Gene Discovery and Characterization of Novel Transcripts
To determine the number of potential novel genes found in the Palomero transcript collection, the total GS20–454 high quality reads were compared to the unassembled NCBI maize ESTs (from January 18th 2007), the MAGIs version 4, the maize chloroplast and mitochondria genomes and the MAGI repeats (version 3.1). Using an e-value < 9e-07, 87.5% of the GS20–454 sequences aligned with the existing NCBI maize ESTs, and 89.52% aligned with the genomic sequences of MAGIs (Table 4 and Additional file 2). Interestingly, only 1.75% and 2.7% of all GS20–454 sequences aligned to maize organelles and MAGI repeats, respectively (Table 4). In the case of the comparison to the EST collection of NCBI, 87.5% of all GS20–454 sequences matched directly by BLAST to a specific maize transcript, whereas 189,594 (12.5%) did not match with any reported maize transcribed sequence. Thus, using a relatively high level of stringency, 12.5% of the GS20–454 sequences potentially identify novel maize transcripts. This percentage was reduced to 5.67% (86,069 GS20–454 sequences) after a BLAST alignment to MAGIs, MAGI repeats and maize organelle databases, yielding the most conservative estimation of the proportion of novel transcripts that are represented in our Palomero collection.
Figure 2 shows a histogram of the size distribution of these 86,069 sequences. In addition, we calculated the % of GC of this set of sequences and compared it to that of a set of 88,299 random sequences from the same Palomero EST collection. The potential novel transcripts had 50% of GC and an average length of 96.96 nt, whereas the set of random sequences had 51% of GC and an average length of 97.02 nt, indicating that there are no significant differences in the GC fraction and length of both sets of sequences. The potential novel sequences were then searched by BLAST against the TIGR Plant Transcript Assemblies database (Plantta), which contains all the expressed sequences from all plant species for which more than 1,000 ESTs or cDNA sequences are publicly available . 13,464 sequences had a match to this database, averaging 2.3 sequences by gene locus (5,854 genes), of which 32.6% are annotated as hypothetical proteins. These results suggest that there are a significant number of maize genes that are not present in the public maize EST databases that are transcribed and have an orthologous gene in other plant species. After this analysis still 72,305 sequences did not align to any known plant transcript. A comparison by BLASTX to the non-redundant protein database (NR) from NCBI of these sequences revealed similarity of additional 7,997 sequences to a given protein (averaging 1.7 sequences by gene locus), most of them (> 60%) cataloged as hypothetical proteins. Thus, 64,308 ESTs failed to align to any known protein, probably representing transcripts from non-coding genomic sequences.

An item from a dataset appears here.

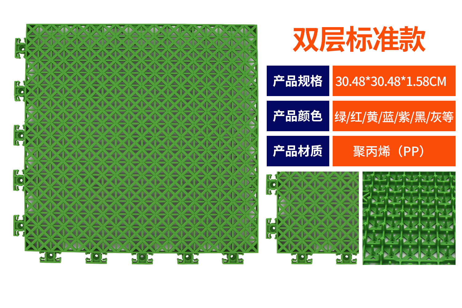 雙層米字棱形鏤空面層,雙層結構使產品的物理性能加強,在長時間的戶外鋪裝中,雙層地板的 場地變形基數遠低于單面層地板。
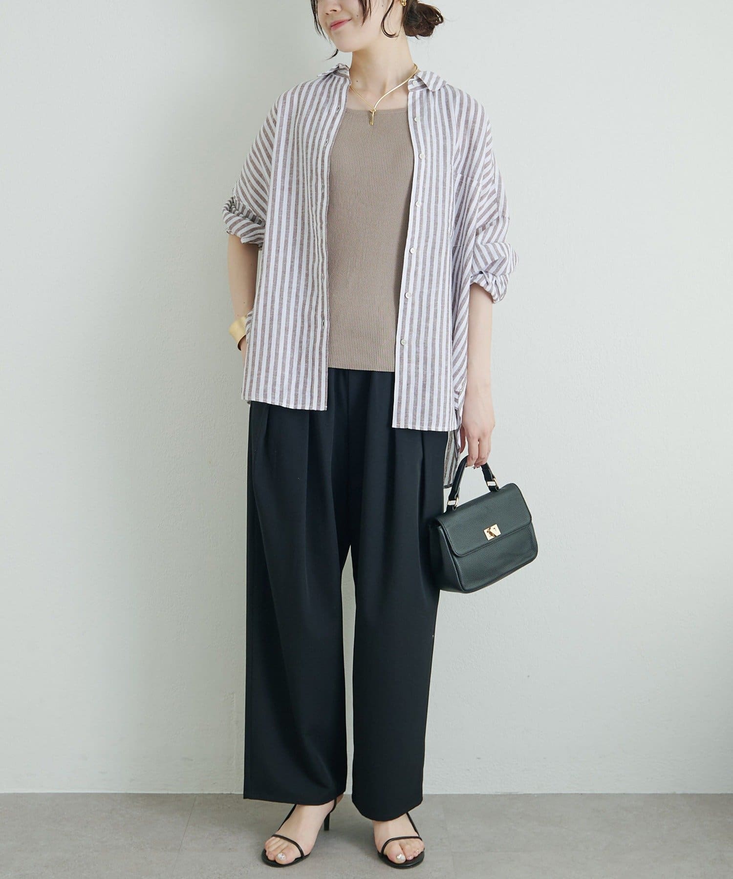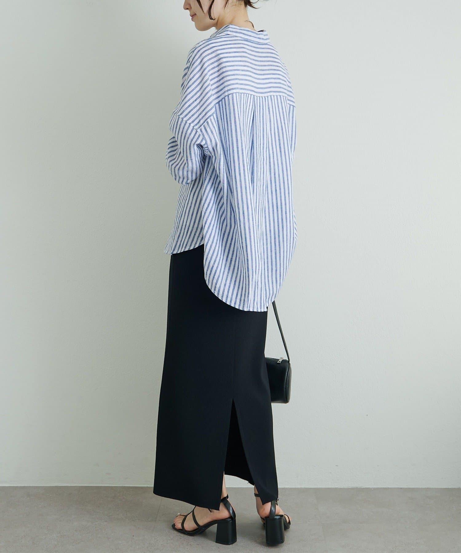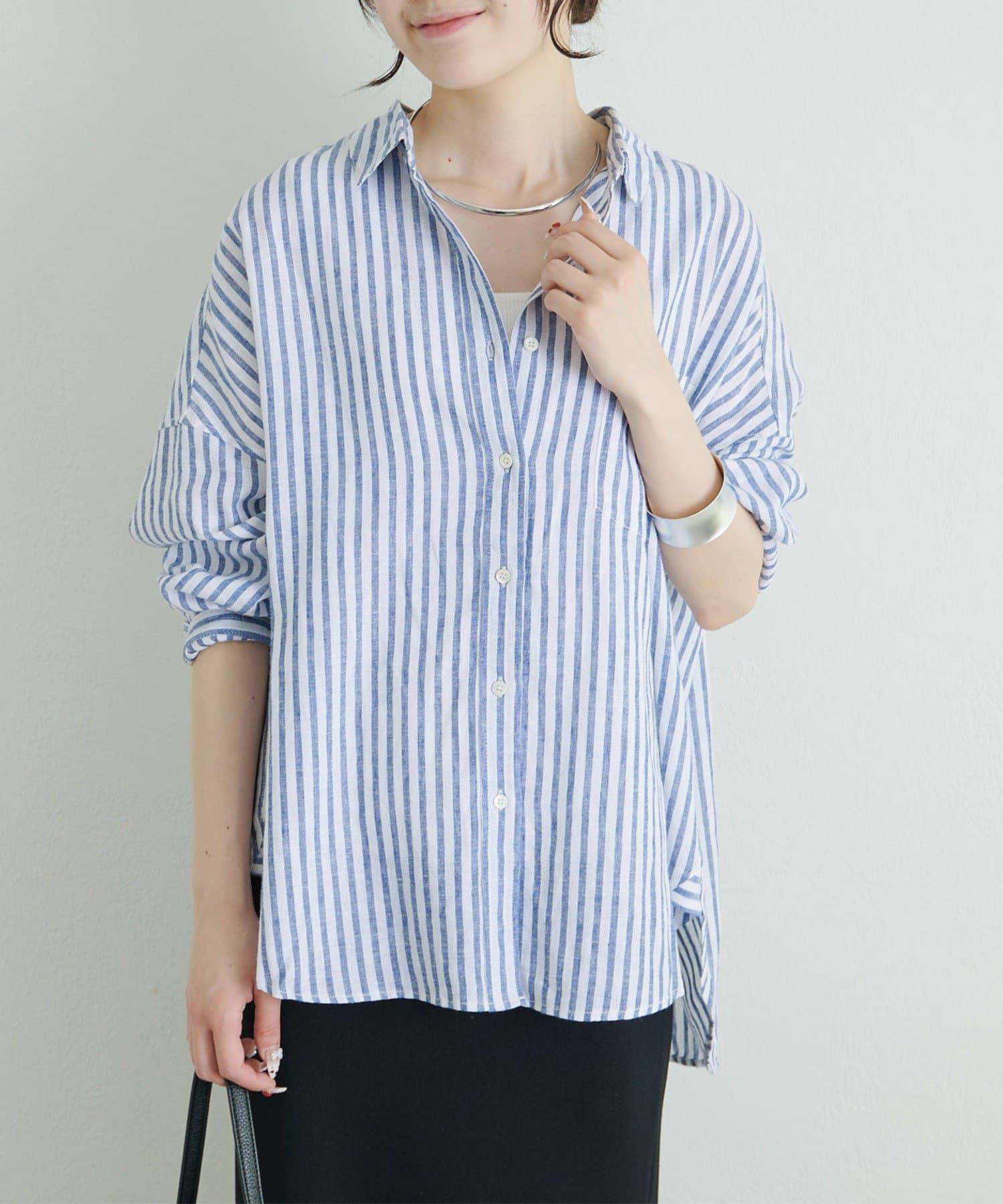 ボタンをしめて1枚で着用すれば、きちんと感のあるミニマルなクリーンルックに。

Representation of Emblematic Maize Genes
To assess the representation of different well-known maize genes in our Palomero transcript collection, we aligned all GS20–454 sequences with those corresponding to 18 maize genes shown in table 5. This same table indicates the number of GS20–454 reads that align with genes in stretches of 30, 29, 28 and 27 nucleotides without gaps (100%, 96.6%, 93.3% and 90% of identity, respectively). Genes that are highly represented but seem to be more divergent in sequence are for instance ramosa2 and c1. Poorly or not represented genes are floricaula/leafy-like2 (fl2), knotted1-like homeodomain protein liguleless3 (lg3), ramosa1 (ra1) and teosinte branched1 (tb1). Low expression of fl2, a gene involved in flower development  was expected due to the nature of the tissue used for the cDNA synthesis (two week-old plants). However, low representation of other genes such as tb1 was unexpected due to its known role in regulating the formation of secondary axillary branches in maize . These results suggest that a complex regulation of the active transcriptome makes it difficult to predict the presence of certain transcripts based solely in the nature of the tissue used.
Assembly of GS20–454 Transcripts and Quantitative Assessment of Transcriptional Abundance
Assembly of the total GS20–454 raw sequences was performed using the 454 commercial software utilities. A total of 1,135,969 (74.4%) reads were assembled into 65,493 contigs, 134,888 (8.8%) reads were classified as singletons and 240,535 (15.8%) sequences were classified as "repeats" on the basis of their over-representation that is likely to reflect abundant transcripts. Sequences in this latter category include highly expressed transcripts that are generally difficult to assemble. We found that 89% of these sequences have a hit to the ZMGI, averaging 7.9 reads per gene locus, whereas a similar analysis with the contigs and singletons averaged 1.7 sequences per gene locus and 84% and 48% of the sequences have a hit to ZMGI, respectively. In addition, 89.5% of the total GS20–454 reads aligned to ZMGI. These data indicate that the unassembled sequences represent valuable information that cannot be excluded from the global analysis of the Palomero ESTs, and justify the use of individual GS20–454 reads for the coverage analysis of public databases as described in this work.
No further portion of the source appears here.